Could anyone please help review this when you have a moment, or let me know if any modifications are needed?
Best regards,
Mingyu
At 2026-05-13 19:39:49, w15303746062@xxxxxxx wrote:
>From: Mingyu Wang <25181214217@xxxxxxxxxxxxxxxxx>
>
>While validating the driver using DevGen (a framework that synthesizes
>virtual device models directly from driver source code via LLM guidance),
>a severe soft lockup was observed.
>
>The hardware polling loops in `__ast_mindwm`, `__ast_moutdwm`, and
>`ast_2500_patch_ahb` lack a timeout mechanism. On bare-metal systems,
>if the ASPEED chip becomes unresponsive or a PCIe bus fault occurs,
>the CPU will spin indefinitely in these loops. This results in a system
>hang, triggering the watchdog soft lockup and causing subsequent I/O
>starvation (e.g., blocking jbd2).
>
>Fix this by introducing a bounded loop with a safe timeout of
>approximately 100ms using `udelay(10)`. Using `udelay()` ensures
>that the fix remains safe even if these accessors are called from
>an atomic context or while holding spinlocks. If the hardware fails
>to respond, the loop breaks and emits a `WARN_ONCE`, allowing the
>kernel to degrade gracefully and preventing complete system paralysis.
>
>Signed-off-by: Mingyu Wang <25181214217@xxxxxxxxxxxxxxxxx>
>---
>Hi Thomas,
>
>Thanks for the prompt response and confirmation!
>
>Instead of just waiting for threshold suggestions, I have drafted this
>patch to address the soft lockup.
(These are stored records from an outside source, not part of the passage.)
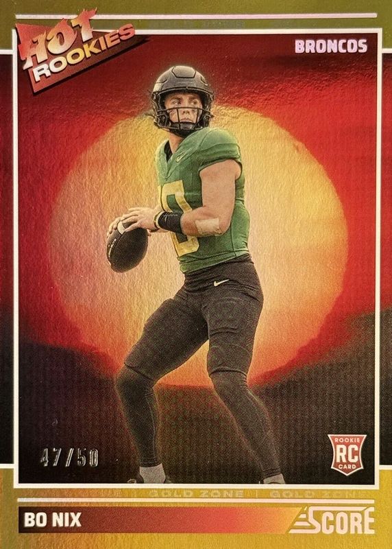 2024 Panini Score Bo Nix Hot Rookies RC Gold Zone Rookie #20/50 Broncos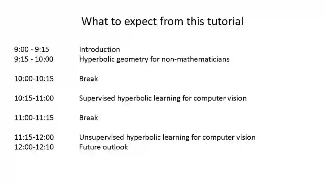 鉴于计算机视觉的双曲表示学习的最新进展,本教程试图向更广泛的受众宣传双曲几何及其在计算机视觉方面的强大潜力。本教程为该领域提供了一个理论和实践的起点。在会议上,我们将为非数学家提供一个简单的双曲几何介绍,在那里我们专注于直觉和高层次的理解。然后,我们从有监督和无监督的角度概述了视觉双曲几何的现状。最后,我们深入到开放的研究问题和双曲几何和视觉理解的未来潜力。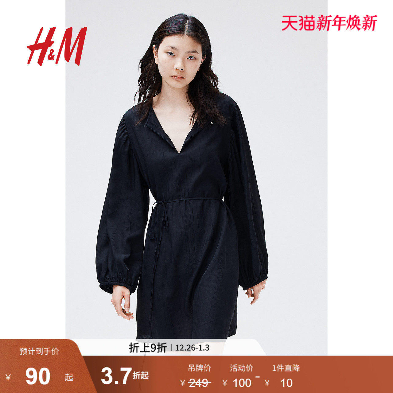 HM女装裙子冬季时尚休闲舒适圆领腰部系带连衣裙1225725

Since changing the return types of
>`__ast_mindwm` and `__ast_moutdwm` to propagate error codes (e.g.,
>`-ETIMEDOUT`) would require an intrusive refactoring across the entire
>AST driver, I took a more defensive, minimal-invasive approach.
>
>To avoid the risk of sleeping in an atomic context (in case these
>low-level I/O accessors are ever called under a spinlock), I used
>a bounded loop with `udelay(10)` and a maximum of 10000 iterations
>(approx. 100ms total timeout). If the ASPEED hardware completely
>fails to respond, it breaks the infinite loop, emits a `WARN_ONCE`,
>and prevents the CPU from halting the entire system.
>
>Please let me know if you think the 100ms threshold and the `udelay`
>approach are appropriate for this specific AHB/SCU hardware sequence.
>
> drivers/gpu/drm/ast/ast_2500.c | 8 +++++++-
> drivers/gpu/drm/ast/ast_post.c | 16 ++++++++++++++--
> 2 files changed, 21 insertions(+), 3 deletions(-)
>
>diff --git a/drivers/gpu/drm/ast/ast_2500.c b/drivers/gpu/drm/ast/ast_2500.c
>index 2a52af0ded56..08d18f90201a 100644
>--- a/drivers/gpu/drm/ast/ast_2500.c
>+++ b/drivers/gpu/drm/ast/ast_2500.c
>@@ -107,6 +107,7 @@ static const u32 ast2500_ddr4_1600_timing_table[REGTBL_NUM] = {
> void ast_2500_patch_ahb(void __iomem *regs)
> {
> u32 data;
>+ int retries = 10000; /* ~100ms timeout */
>
> /* Clear bus lock condition */
> __ast_moutdwm(regs, 0x1e600000, 0xAEED1A03);
>@@ -136,7 +137,12 @@ void ast_2500_patch_ahb(void __iomem *regs)
> do {
> __ast_moutdwm(regs, 0x1e6e2000, 0x1688A8A8);
> data = __ast_mindwm(regs, 0x1e6e2000);
>- } while (data != 1);
>+ if (data == 1)
>+ break;
>+ udelay(10);
>+ } while (--retries);
>+
>+ WARN_ONCE(!retries, "ast: timeout waiting for AHB patch\n");
>
> __ast_moutdwm(regs, 0x1e6e207c, 0x08000000); /* clear fast reset */
> }
>diff --git a/drivers/gpu/drm/ast/ast_post.c b/drivers/gpu/drm/ast/ast_post.c
>index b72914dbed38..66eb80925e27 100644
>--- a/drivers/gpu/drm/ast/ast_post.c
>+++ b/drivers/gpu/drm/ast/ast_post.c
>@@ -37,13 +37,19 @@
> u32 __ast_mindwm(void __iomem *regs, u32 r)
> {
> u32 data;
>+ int retries = 10000; /* ~100ms timeout */
>
> __ast_write32(regs, 0xf004, r & 0xffff0000);
> __ast_write32(regs, 0xf000, 0x1);
>
> do {
> data = __ast_read32(regs, 0xf004) & 0xffff0000;
>- } while (data != (r & 0xffff0000));
>+ if (data == (r & 0xffff0000))
>+ break;
>+ udelay(10);
>+ } while (--retries);
>+
>+ WARN_ONCE(!retries, "ast: timeout reading from AHB/SCU\n");
>
> return __ast_read32(regs, 0x10000 + (r & 0x0000ffff));
> }
>@@ -51,13 +57,19 @@ u32 __ast_mindwm(void __iomem *regs, u32 r)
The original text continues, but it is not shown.